**About this exercise:**
Given the records underneath, please repeat exactly the lines from the line with "Баласана - поза" through the line with "Cadre en végétal", passing over any picture.

**Excerpted data:**
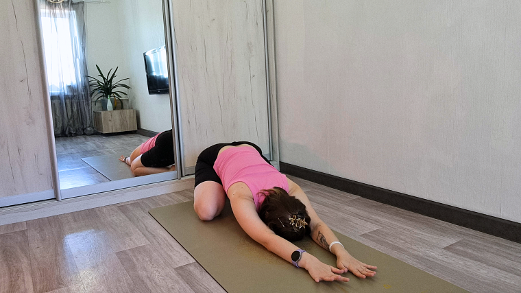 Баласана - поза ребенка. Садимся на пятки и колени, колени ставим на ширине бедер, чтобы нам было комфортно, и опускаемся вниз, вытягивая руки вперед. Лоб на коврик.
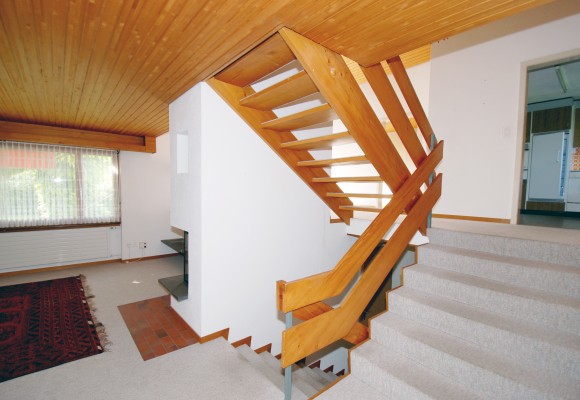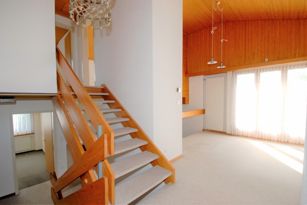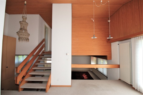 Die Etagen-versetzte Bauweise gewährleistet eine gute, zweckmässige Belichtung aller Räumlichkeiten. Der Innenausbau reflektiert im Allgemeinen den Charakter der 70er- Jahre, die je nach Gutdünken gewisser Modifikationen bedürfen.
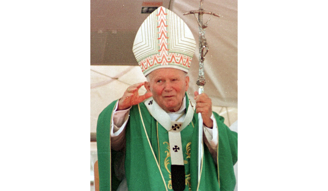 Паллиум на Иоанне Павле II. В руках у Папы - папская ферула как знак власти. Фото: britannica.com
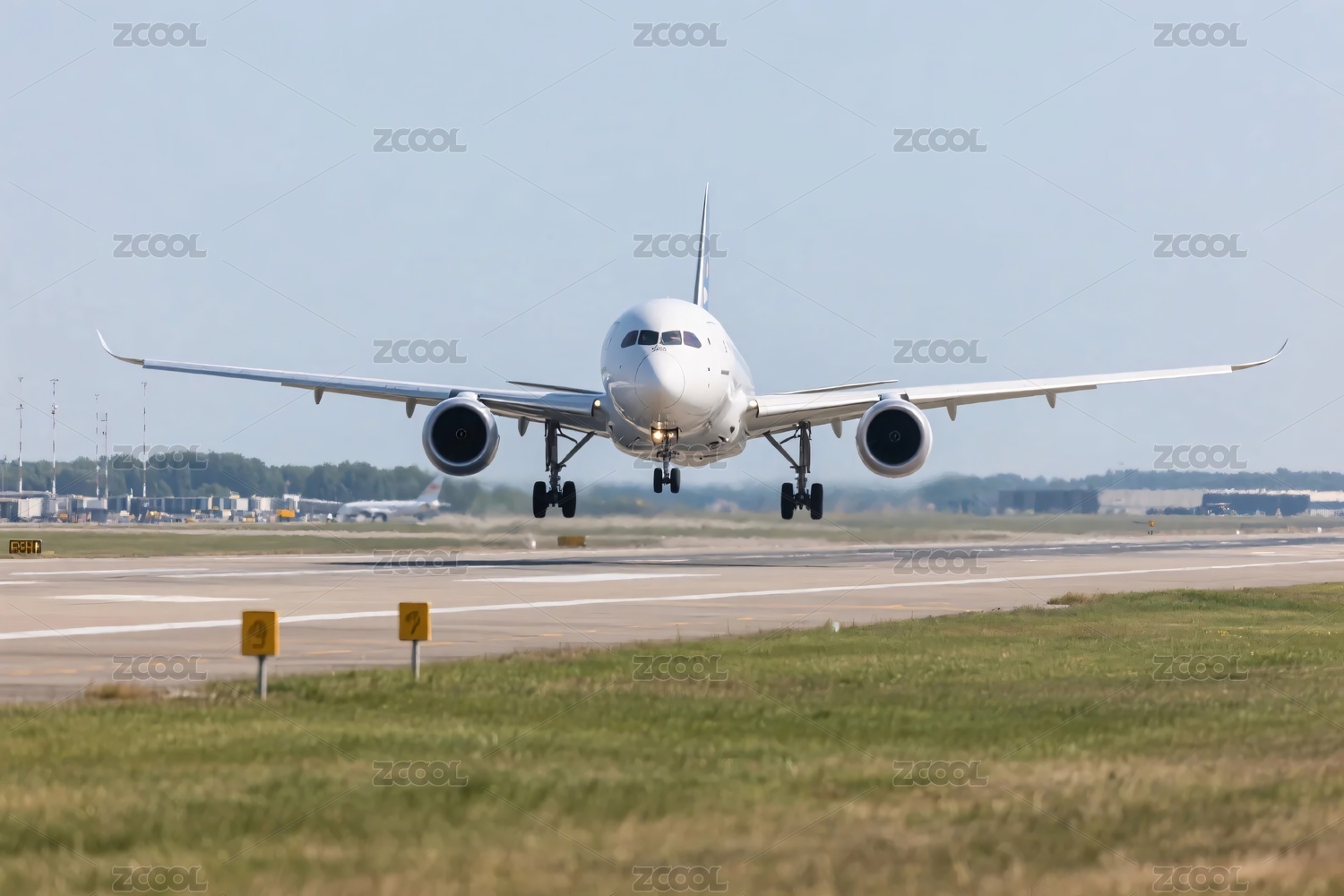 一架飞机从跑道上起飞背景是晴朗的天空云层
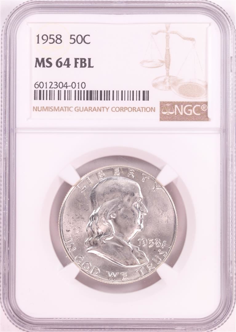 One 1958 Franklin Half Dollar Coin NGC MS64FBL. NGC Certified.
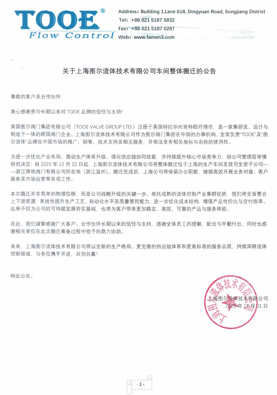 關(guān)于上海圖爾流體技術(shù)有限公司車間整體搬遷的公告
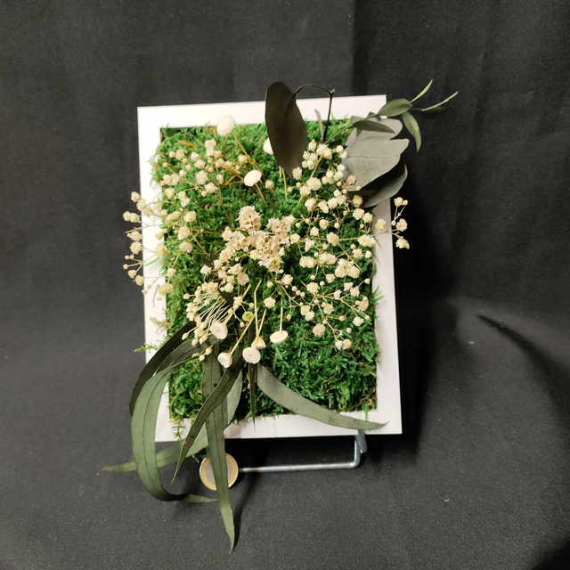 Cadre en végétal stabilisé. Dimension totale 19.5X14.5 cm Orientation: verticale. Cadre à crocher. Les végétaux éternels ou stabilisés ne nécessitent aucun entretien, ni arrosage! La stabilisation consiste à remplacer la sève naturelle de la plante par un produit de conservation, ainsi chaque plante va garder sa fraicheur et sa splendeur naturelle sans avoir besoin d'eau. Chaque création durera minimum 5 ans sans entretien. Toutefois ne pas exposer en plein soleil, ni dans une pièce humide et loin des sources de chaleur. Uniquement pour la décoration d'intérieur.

==

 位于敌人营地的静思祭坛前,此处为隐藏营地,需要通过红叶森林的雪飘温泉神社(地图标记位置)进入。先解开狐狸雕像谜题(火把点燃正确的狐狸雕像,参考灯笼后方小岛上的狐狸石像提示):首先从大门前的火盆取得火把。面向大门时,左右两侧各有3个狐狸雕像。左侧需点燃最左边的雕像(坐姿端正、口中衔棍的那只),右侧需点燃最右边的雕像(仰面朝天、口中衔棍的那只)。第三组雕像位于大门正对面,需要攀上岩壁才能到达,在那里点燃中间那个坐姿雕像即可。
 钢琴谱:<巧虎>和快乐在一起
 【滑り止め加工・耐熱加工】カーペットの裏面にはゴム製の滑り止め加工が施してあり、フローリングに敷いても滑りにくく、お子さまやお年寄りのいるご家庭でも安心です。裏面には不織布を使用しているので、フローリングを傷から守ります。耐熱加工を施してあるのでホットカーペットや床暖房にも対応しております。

**Result:**
 Баласана - поза ребенка. Садимся на пятки и колени, колени ставим на ширине бедер, чтобы нам было комфортно, и опускаемся вниз, вытягивая руки вперед. Лоб на коврик.
 Die Etagen-versetzte Bauweise gewährleistet eine gute, zweckmässige Belichtung aller Räumlichkeiten. Der Innenausbau reflektiert im Allgemeinen den Charakter der 70er- Jahre, die je nach Gutdünken gewisser Modifikationen bedürfen.
 Паллиум на Иоанне Павле II. В руках у Папы - папская ферула как знак власти. Фото: britannica.com
 一架飞机从跑道上起飞背景是晴朗的天空云层
 One 1958 Franklin Half Dollar Coin NGC MS64FBL. NGC Certified.
 關(guān)于上海圖爾流體技術(shù)有限公司車間整體搬遷的公告
 Cadre en végétal stabilisé. Dimension totale 19.5X14.5 cm Orientation: verticale. Cadre à crocher. Les végétaux éternels ou stabilisés ne nécessitent aucun entretien, ni arrosage! La stabilisation consiste à remplacer la sève naturelle de la plante par un produit de conservation, ainsi chaque plante va garder sa fraicheur et sa splendeur naturelle sans avoir besoin d'eau. Chaque création durera minimum 5 ans sans entretien. Toutefois ne pas exposer en plein soleil, ni dans une pièce humide et loin des sources de chaleur. Uniquement pour la décoration d'intérieur.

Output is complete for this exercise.